Jets are an active phase in a young star's life. A star begins as a collapsing, roundish cloud of gas and dust. By ejecting supersonic jets of gas, the cloud slows down its spinning. As material falls onto the growing star, it develops a surrounding disk of swirling material and twin jets that shoot off from above and below the disk, like a spinning top.

The total mass being ejected to form typical HH objects is estimated to be of the order of 1–20 Earth-masses, a very small amount of material compared to the mass of the stars themselves. The temperatures observed in HH objects are typically about 8000–12,000 K, similar to those found in other ionized nebulae such as H II regions and planetary nebulae. They tend to be quite dense, ranging from a few thousand to a few tens of thousands of particles per cm3, compared to generally less than 1000/cm3 in H II regions and planetary nebulae.
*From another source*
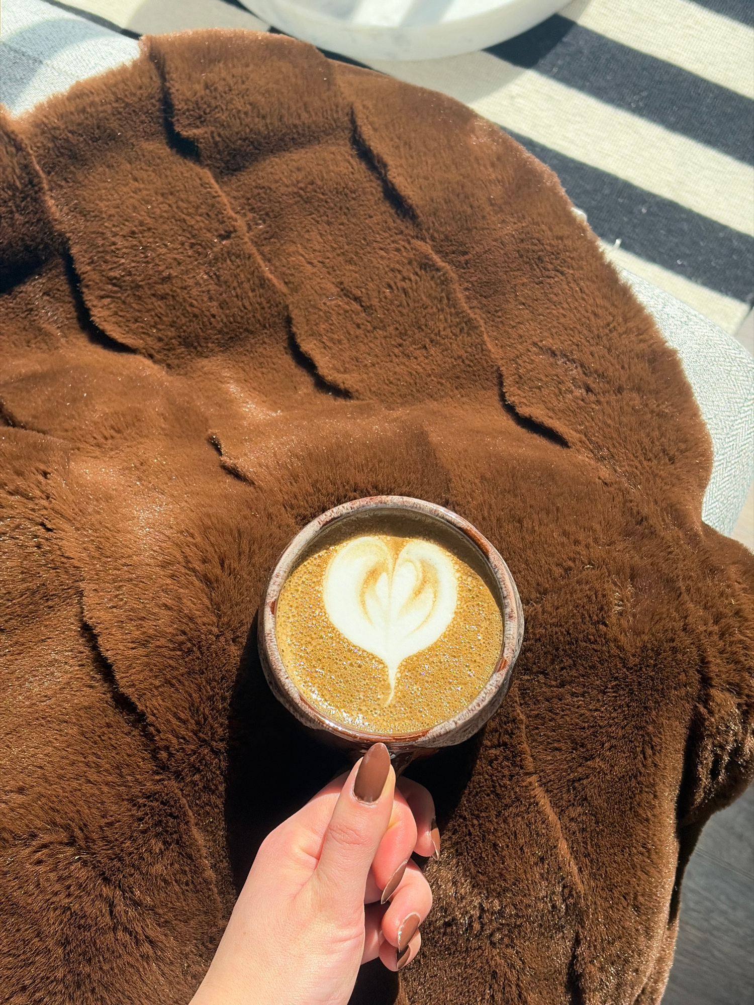 A high-angle shot depicts a cup of coffee resting on a textured, brown, faux-fur material. The coffee cup is round with a light-colored exterior and a beige interior filled with coffee, featuring latt…read more

HH objects consist mostly of hydrogen and helium, which account for about 75% and 25% respectively of their mass. Less than 1% of the mass of HH objects is made up of heavier chemical elements, and the abundances of these are generally similar to those measured in nearby young stars.

The discovery of the time delay, in the jets called Herbig-Haro 34, has also led the astronomers to narrow in on the size of the zone from which the jets originate. The new Spitzer observations limit this zone to a circle around the young star with a radius of 3 astronomical units. An astronomical unit is the distance between our sun and Earth. This is about 10 times smaller than previous estimates.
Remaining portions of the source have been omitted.